Taxpayers Pick Up The Tab For Business

By New Matilda

July 24, 2013

Despite massive controversy, the Victorian Government is forging ahead with the East-West Link toll road. Over a hundred homes and commercial properties will be acquired by the state to put in the toll road.

Treasurer Michael O'Brien has indicated the project will be a public private partnership (PPP). In a May press release, the Victorian Government indicated it would soon seek expressions of interest and award a contract in late 2014. “There is a clear role for the private sector in delivering this project,”O'Brien said.

Opposition leader Daniel Andrews has committed to scrapping the project, if re-elected, with the proviso that legal delays with the property acquisition hold up the project long enough to prevent a contract being signed.

This kind of drama is a common story with PPPs. While many progress smoothly, some have given cause for serious concern – especially toll roads. PPPs gone wrong include Sydney’s Cross City and Lane Cove tunnels, Brisbane’s Clem and Airport Link toll road/tunnel, and in Victoria, the desalination plant at Wonthaggi and the Ararat Prison project, which had to be rescued.

In most cases taxpayers are footing the bill one way or another and there is a sneaking suspicion that PPPs are sometimes used as a way to hide public debt, about which there is currently much political hyperbole.

Paradoxically, some of the less successful PPPs appear to have placed a burden of debt on Australian taxpayers that we may be paying off for generations to come. According to The Age, Victorians will be paying $650 million a year for 28 years for the Wonthaggi Desalination plant even if they use no water from it, and $130 million a year for 25 years for the Peninsula Link Road regardless of the number of cars that use it.

This is in part due to the phenomenon of shadow tolls (“availability payments”) which are paid to the private partner by the government to cover shortfalls in use. Put simply, the operator gets paid regardless of the whether the service gets used, despite a stated advantage of PPPs being the ability for governments to pass risk to the private sector.

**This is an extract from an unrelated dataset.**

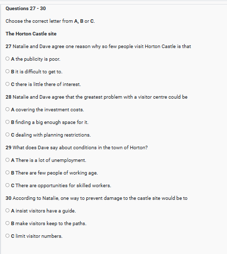 | IELTS listening THE HORTON CASTLE SITE listening practice test has 10 questions belongs to the Historical / Cultural Visit subject. |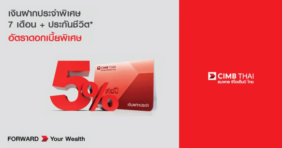 บัญชีเงินฝากประจำพิเศษ 7 เดือน+ประกันชีวิต* อัตราดอกเบี้ยพิเศษ 5.00% ต่อปี จาก ธ.ซีไอเอ็มบี ไทย

Since 2008, Infrastructure Australia, a Commonwealth statutory authority, has provided the overarching policy framework and guidelines for Australian PPPs, many of which are contracted and facilitated at state level. According to Infrastructure Australia’s National PPP Framework:

“The aim of a PPP is to deliver improved services and better value for money primarily through appropriate risk transfer, encouraging innovation, greater asset utilisation and an integrated whole-of life management, underpinned by private financing.”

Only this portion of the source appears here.